What the task asks
Would you reproduce the whole listing exactly, dropping any pictures it holds?

Material provided
****
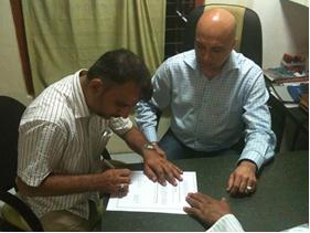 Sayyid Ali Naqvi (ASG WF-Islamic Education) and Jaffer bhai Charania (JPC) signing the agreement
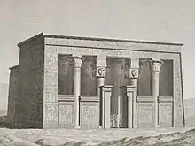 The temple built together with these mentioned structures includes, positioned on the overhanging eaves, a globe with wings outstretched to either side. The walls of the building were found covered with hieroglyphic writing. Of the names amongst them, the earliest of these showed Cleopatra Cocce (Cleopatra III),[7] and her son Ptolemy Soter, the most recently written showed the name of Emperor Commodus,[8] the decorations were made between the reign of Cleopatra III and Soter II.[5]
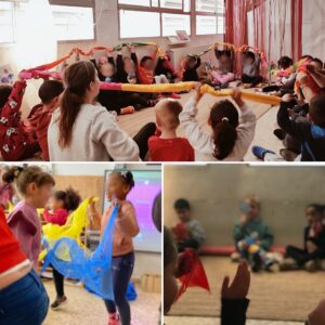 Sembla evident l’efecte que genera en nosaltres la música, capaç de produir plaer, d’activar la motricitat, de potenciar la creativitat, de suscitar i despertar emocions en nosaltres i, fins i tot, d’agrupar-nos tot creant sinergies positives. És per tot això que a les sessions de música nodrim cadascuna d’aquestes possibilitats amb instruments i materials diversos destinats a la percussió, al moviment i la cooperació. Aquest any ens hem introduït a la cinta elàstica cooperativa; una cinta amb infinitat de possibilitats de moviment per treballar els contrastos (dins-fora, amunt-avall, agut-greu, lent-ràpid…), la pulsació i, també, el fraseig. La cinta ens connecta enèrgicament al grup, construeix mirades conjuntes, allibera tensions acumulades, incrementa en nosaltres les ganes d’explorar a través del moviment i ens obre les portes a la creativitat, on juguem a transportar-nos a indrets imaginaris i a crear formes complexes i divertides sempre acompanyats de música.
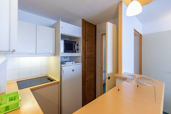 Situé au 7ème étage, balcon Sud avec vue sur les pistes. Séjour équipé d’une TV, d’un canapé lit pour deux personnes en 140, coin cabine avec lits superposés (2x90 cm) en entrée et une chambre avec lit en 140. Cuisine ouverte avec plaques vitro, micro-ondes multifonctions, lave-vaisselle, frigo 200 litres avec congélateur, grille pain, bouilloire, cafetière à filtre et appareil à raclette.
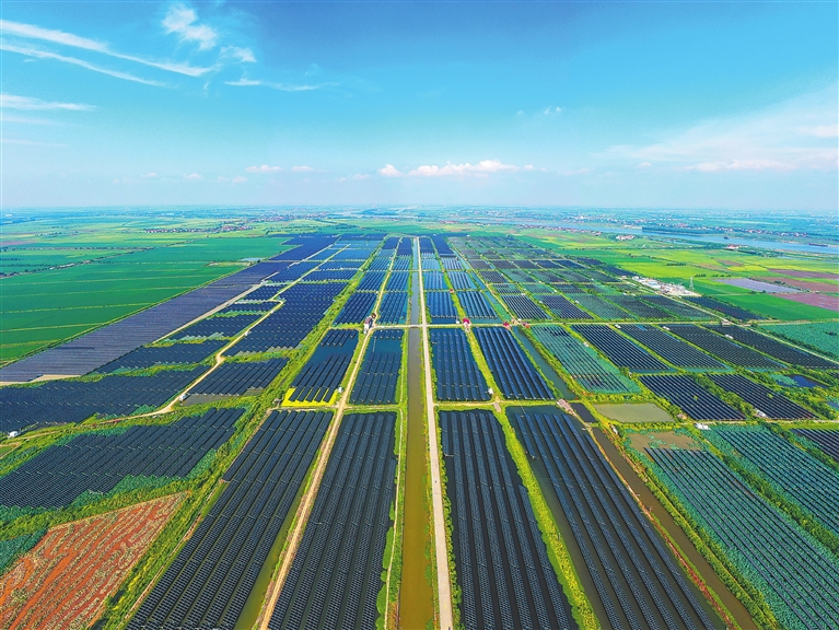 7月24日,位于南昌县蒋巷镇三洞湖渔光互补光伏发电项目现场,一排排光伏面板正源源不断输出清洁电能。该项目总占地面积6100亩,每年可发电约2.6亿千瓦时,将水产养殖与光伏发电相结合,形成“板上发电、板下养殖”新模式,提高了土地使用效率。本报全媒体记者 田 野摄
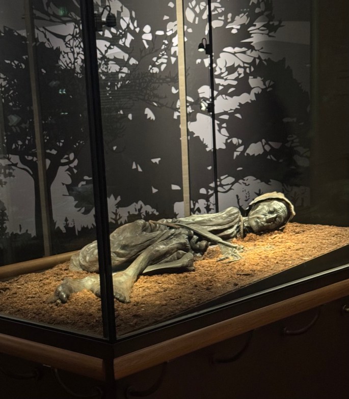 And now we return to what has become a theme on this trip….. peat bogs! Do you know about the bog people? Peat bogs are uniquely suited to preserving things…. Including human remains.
****
Written solution
 Sayyid Ali Naqvi (ASG WF-Islamic Education) and Jaffer bhai Charania (JPC) signing the agreement
 The temple built together with these mentioned structures includes, positioned on the overhanging eaves, a globe with wings outstretched to either side. The walls of the building were found covered with hieroglyphic writing. Of the names amongst them, the earliest of these showed Cleopatra Cocce (Cleopatra III),[7] and her son Ptolemy Soter, the most recently written showed the name of Emperor Commodus,[8] the decorations were made between the reign of Cleopatra III and Soter II.[5]
 Sembla evident l’efecte que genera en nosaltres la música, capaç de produir plaer, d’activar la motricitat, de potenciar la creativitat, de suscitar i despertar emocions en nosaltres i, fins i tot, d’agrupar-nos tot creant sinergies positives. És per tot això que a les sessions de música nodrim cadascuna d’aquestes possibilitats amb instruments i materials diversos destinats a la percussió, al moviment i la cooperació. Aquest any ens hem introduït a la cinta elàstica cooperativa; una cinta amb infinitat de possibilitats de moviment per treballar els contrastos (dins-fora, amunt-avall, agut-greu, lent-ràpid…), la pulsació i, també, el fraseig. La cinta ens connecta enèrgicament al grup, construeix mirades conjuntes, allibera tensions acumulades, incrementa en nosaltres les ganes d’explorar a través del moviment i ens obre les portes a la creativitat, on juguem a transportar-nos a indrets imaginaris i a crear formes complexes i divertides sempre acompanyats de música.
 Situé au 7ème étage, balcon Sud avec vue sur les pistes. Séjour équipé d’une TV, d’un canapé lit pour deux personnes en 140, coin cabine avec lits superposés (2x90 cm) en entrée et une chambre avec lit en 140. Cuisine ouverte avec plaques vitro, micro-ondes multifonctions, lave-vaisselle, frigo 200 litres avec congélateur, grille pain, bouilloire, cafetière à filtre et appareil à raclette.
 7月24日,位于南昌县蒋巷镇三洞湖渔光互补光伏发电项目现场,一排排光伏面板正源源不断输出清洁电能。该项目总占地面积6100亩,每年可发电约2.6亿千瓦时,将水产养殖与光伏发电相结合,形成“板上发电、板下养殖”新模式,提高了土地使用效率。本报全媒体记者 田 野摄
 And now we return to what has become a theme on this trip….. peat bogs! Do you know about the bog people? Peat bogs are uniquely suited to preserving things…. Including human remains.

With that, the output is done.